RECORDS TO PROCESS
BEGIN
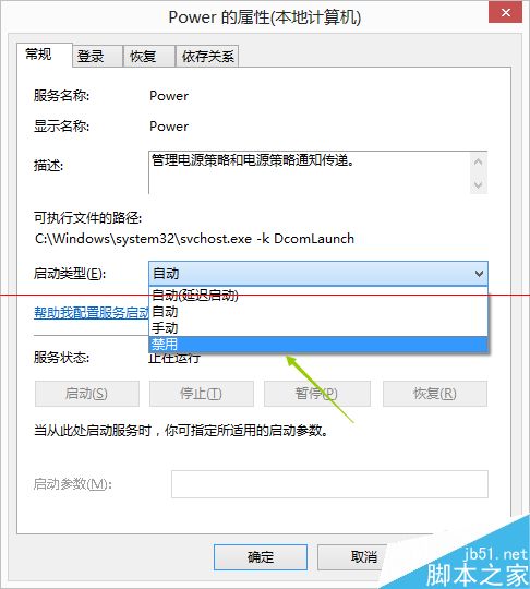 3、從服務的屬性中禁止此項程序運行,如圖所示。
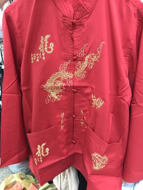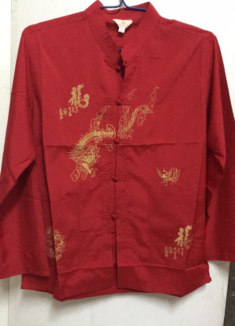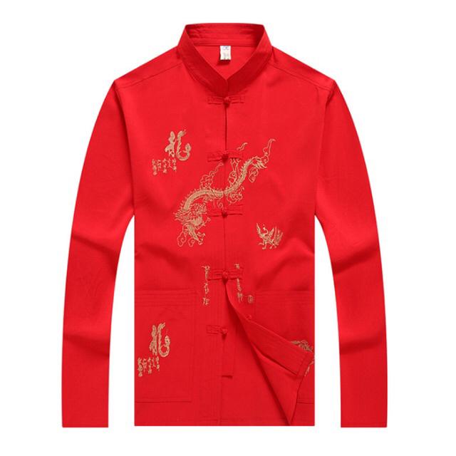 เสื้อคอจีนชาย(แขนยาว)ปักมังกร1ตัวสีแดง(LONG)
END
BEGIN
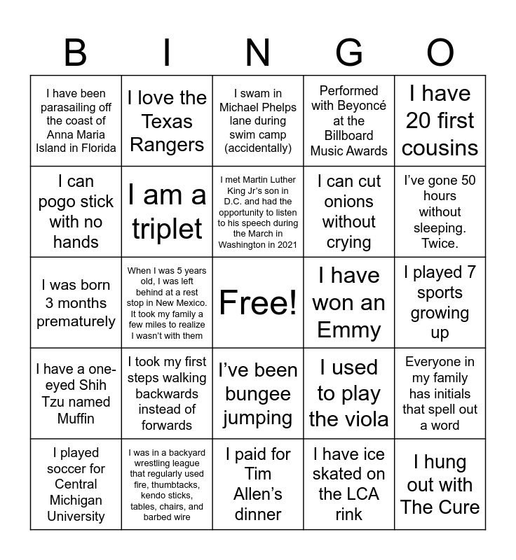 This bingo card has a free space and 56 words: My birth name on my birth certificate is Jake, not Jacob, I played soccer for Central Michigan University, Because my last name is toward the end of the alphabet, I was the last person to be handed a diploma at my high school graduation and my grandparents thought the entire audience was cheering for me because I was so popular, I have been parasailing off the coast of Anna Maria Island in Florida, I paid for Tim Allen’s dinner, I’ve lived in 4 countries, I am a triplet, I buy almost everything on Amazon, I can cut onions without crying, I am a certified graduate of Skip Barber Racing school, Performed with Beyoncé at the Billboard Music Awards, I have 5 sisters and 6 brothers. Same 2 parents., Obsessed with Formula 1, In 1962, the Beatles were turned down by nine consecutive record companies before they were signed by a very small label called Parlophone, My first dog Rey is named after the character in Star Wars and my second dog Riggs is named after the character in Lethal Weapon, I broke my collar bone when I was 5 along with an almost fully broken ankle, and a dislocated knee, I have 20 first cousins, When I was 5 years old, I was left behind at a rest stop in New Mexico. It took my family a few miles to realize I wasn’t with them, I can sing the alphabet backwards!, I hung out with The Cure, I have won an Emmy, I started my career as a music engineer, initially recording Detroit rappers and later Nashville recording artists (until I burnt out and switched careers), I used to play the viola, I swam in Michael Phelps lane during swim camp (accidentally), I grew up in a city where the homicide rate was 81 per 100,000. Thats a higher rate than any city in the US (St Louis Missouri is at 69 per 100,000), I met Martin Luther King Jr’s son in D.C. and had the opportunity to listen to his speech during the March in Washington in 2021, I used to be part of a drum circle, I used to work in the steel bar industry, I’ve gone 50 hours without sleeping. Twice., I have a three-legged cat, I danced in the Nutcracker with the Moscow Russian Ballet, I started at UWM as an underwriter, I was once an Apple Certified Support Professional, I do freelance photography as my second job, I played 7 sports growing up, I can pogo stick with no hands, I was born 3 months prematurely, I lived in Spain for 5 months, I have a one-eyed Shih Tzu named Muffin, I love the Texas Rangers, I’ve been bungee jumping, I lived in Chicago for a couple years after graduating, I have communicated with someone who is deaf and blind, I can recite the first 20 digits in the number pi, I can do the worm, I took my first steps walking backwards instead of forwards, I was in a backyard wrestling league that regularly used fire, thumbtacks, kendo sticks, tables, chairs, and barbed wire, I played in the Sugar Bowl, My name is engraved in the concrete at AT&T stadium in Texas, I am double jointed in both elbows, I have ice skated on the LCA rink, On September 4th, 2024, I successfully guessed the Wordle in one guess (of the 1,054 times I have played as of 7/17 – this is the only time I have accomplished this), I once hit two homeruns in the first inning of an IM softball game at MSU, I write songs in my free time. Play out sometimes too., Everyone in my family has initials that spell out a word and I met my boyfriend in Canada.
END
YOUR GOAL
Using the data above, print only the lines starting at the one with "3、從服務的屬性中禁止此項程序運行,如圖所示。" and ending at the one with "เสื้อคอจีนชาย(แขนยาว", exactly as they stand, minus the pictures.

RESULT BELOW
 3、從服務的屬性中禁止此項程序運行,如圖所示。
 เสื้อคอจีนชาย(แขนยาว)ปักมังกร1ตัวสีแดง(LONG)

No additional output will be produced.